Representational image

(Babak Tafreshi/NASA/APOD)

Whether it’s a lover, a close pal, or even your own children or parents, having someone you love move away can be painful, to say the least. But perhaps one of the most excruciating parts of this ordeal can be the sense of disconnection arising from living in differing time zones. If you’ve been feeling this way recently, we have some news that could help lend you a momentary sense of congruence once again.

According to’s calculations, tonight (December 6) is shaping up to be an exceptional night, since about 85% of the world’s population will experience nighttime simultaneously for a brief moment. This is because the Earth’s orientation to the Sun will leave most of Asia, Europe and Africa — which account for most of the global population — in the shadows.

This global “black-out” will occur at 1:26 AM, Indian Standard Time. This means that if you wanted to stare at the stars with your UK-based partner, you’d only have to be awake a little after midnight to pursue this romantic endeavour.

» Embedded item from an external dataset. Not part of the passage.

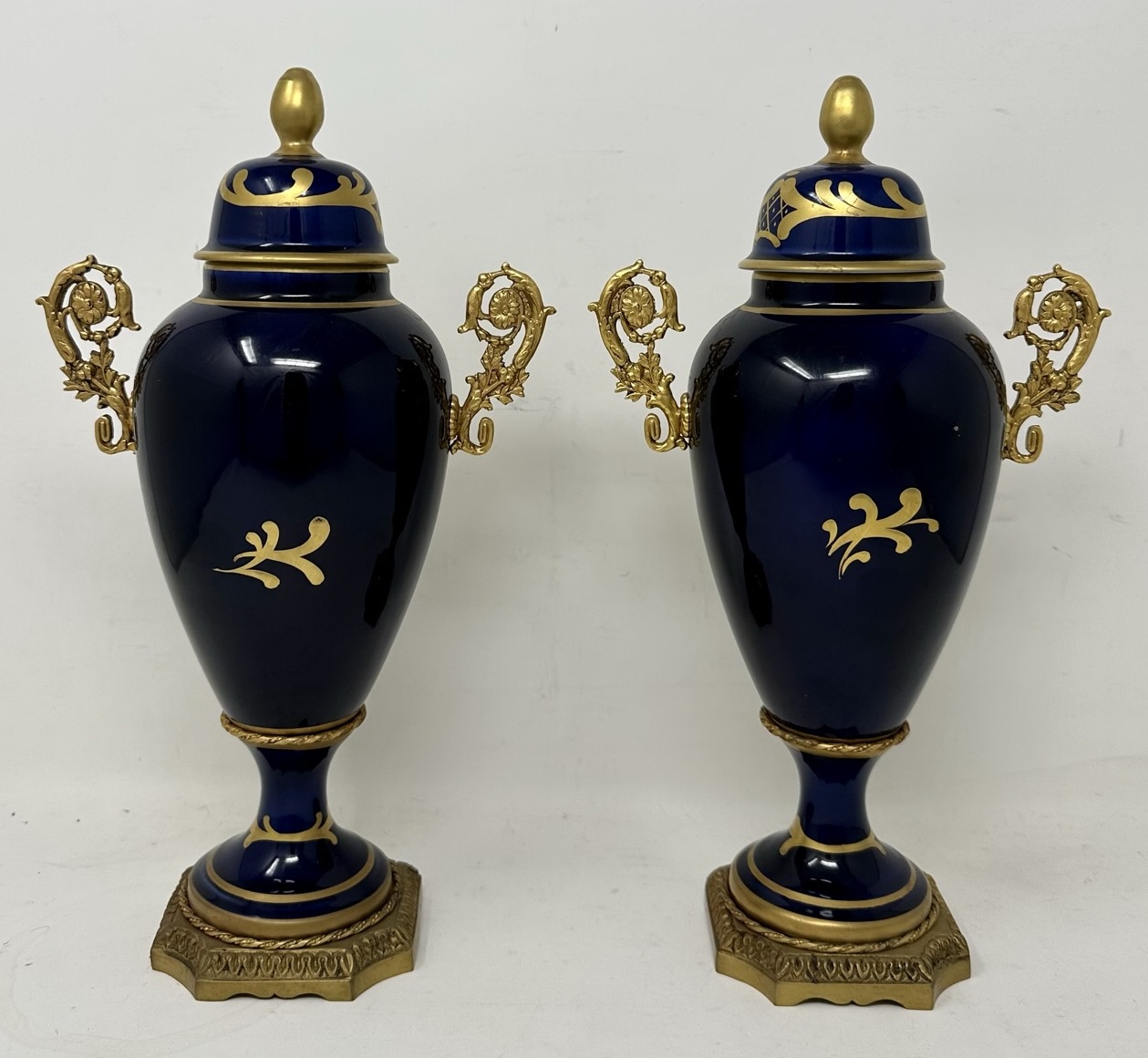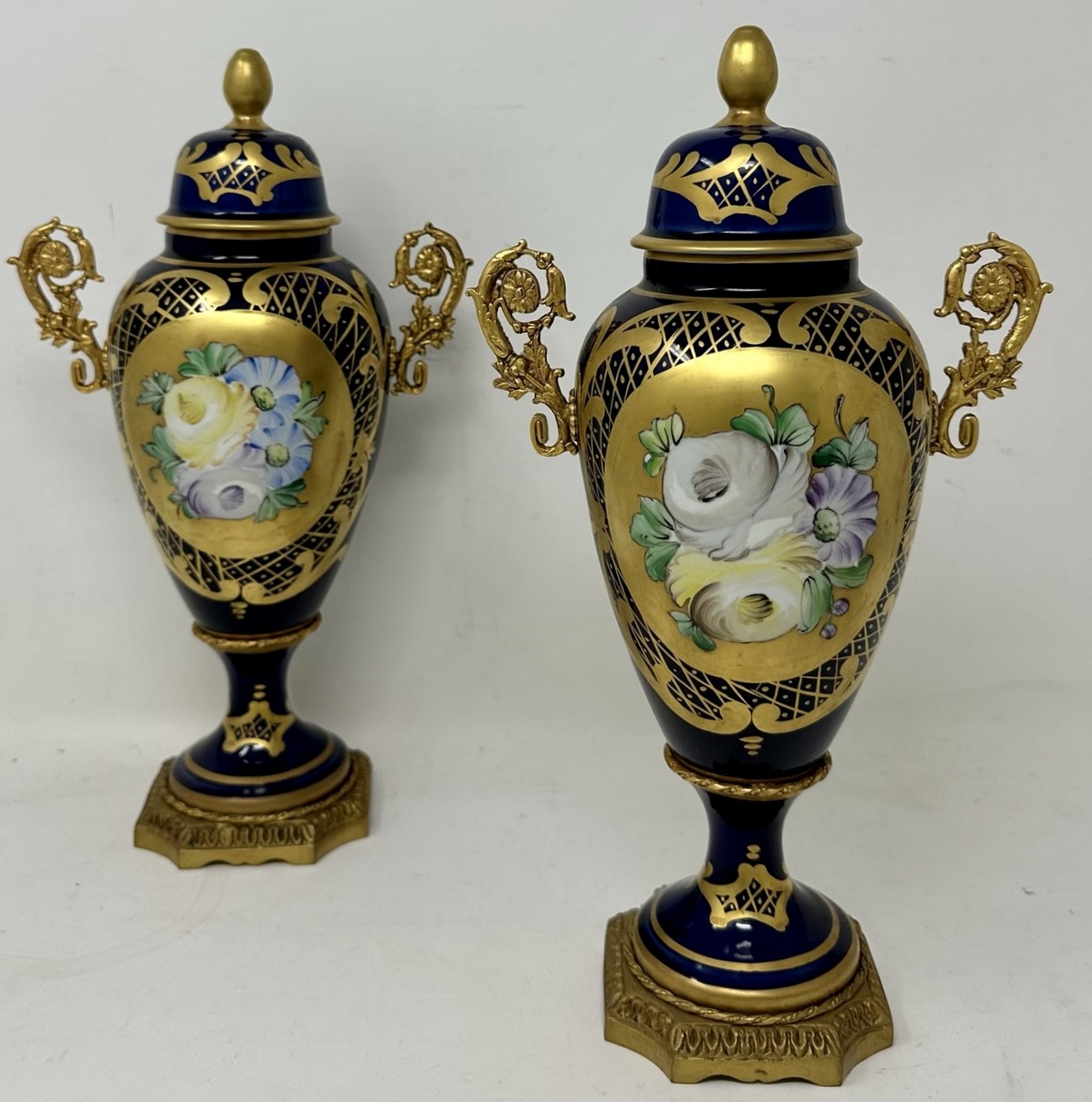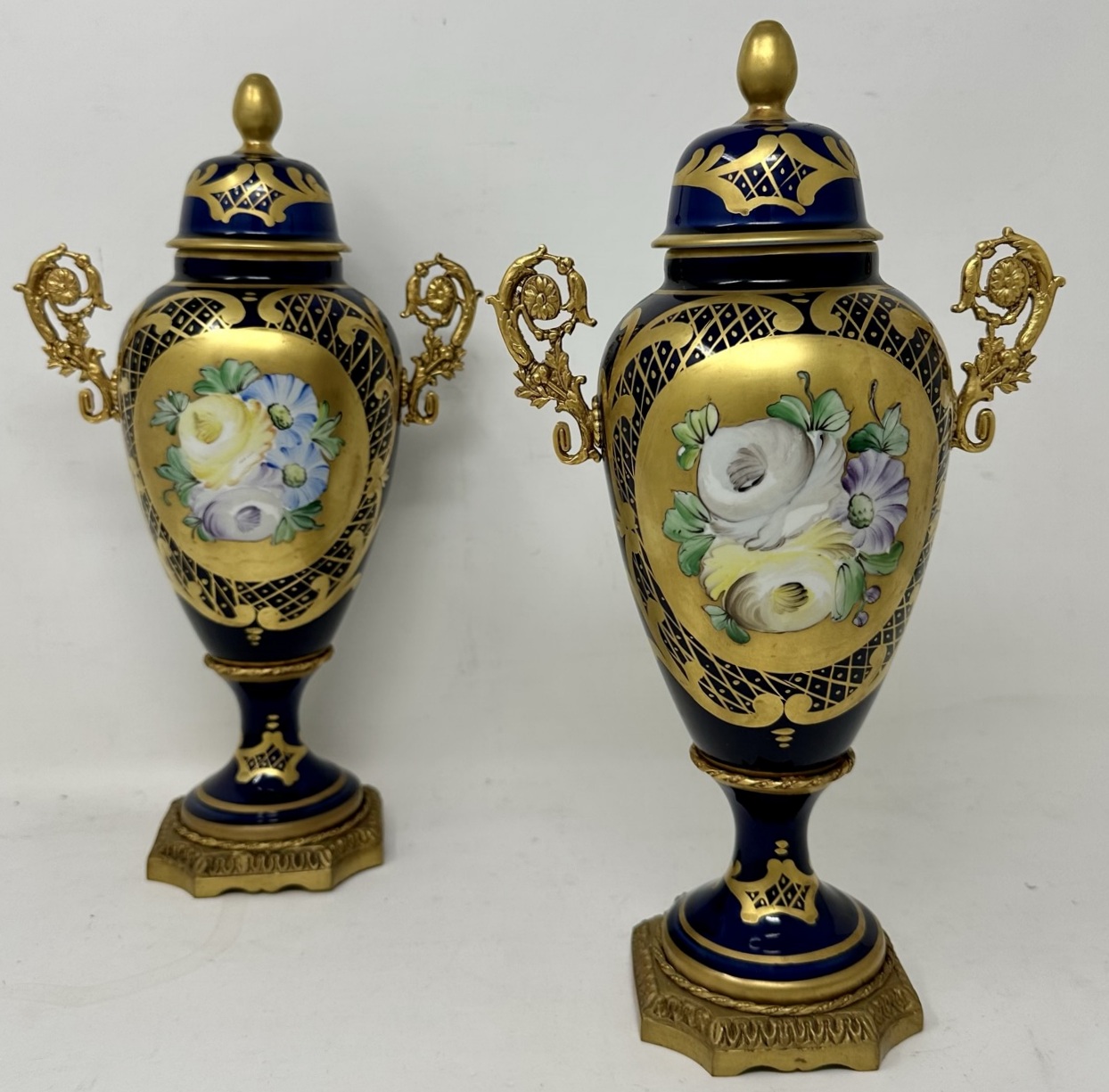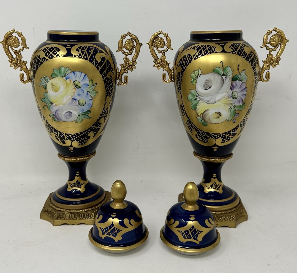 Stunning Pair of French Limoges Hard Paste Enameled Porcelain and Ormolu Twin Handle Table or Mantle Urns of traditional urn form and of outstanding quality, and good size proportions, each raised on a square stepped base with canted corners. Complete with original dome shaped covers with plain lobed finials. Late Nineteenth, early Twentieth Century.

Asia alone holds the share of 60% of the world’s population, so it is no wonder that its inclusion into the shadows plays a considerable role in this feat. In comparison, both North and South America (which will be illuminated during this time) only contribute about 13% combined. There might, of course, be subtle discrepancies in these numbers due to the dynamics of population migrations.

All in all, if we consider the strictest definition of nighttime, where the Sun falls 18° below the horizon, tonight comes out as the clear winner. However, if we consider what “feels like” nighttime — which includes some part of twilight as well — December 27 comes out as a worthy contender to steal the throne of darkness. On that date, 86% of the Earth will experience perceived nighttime simultaneously!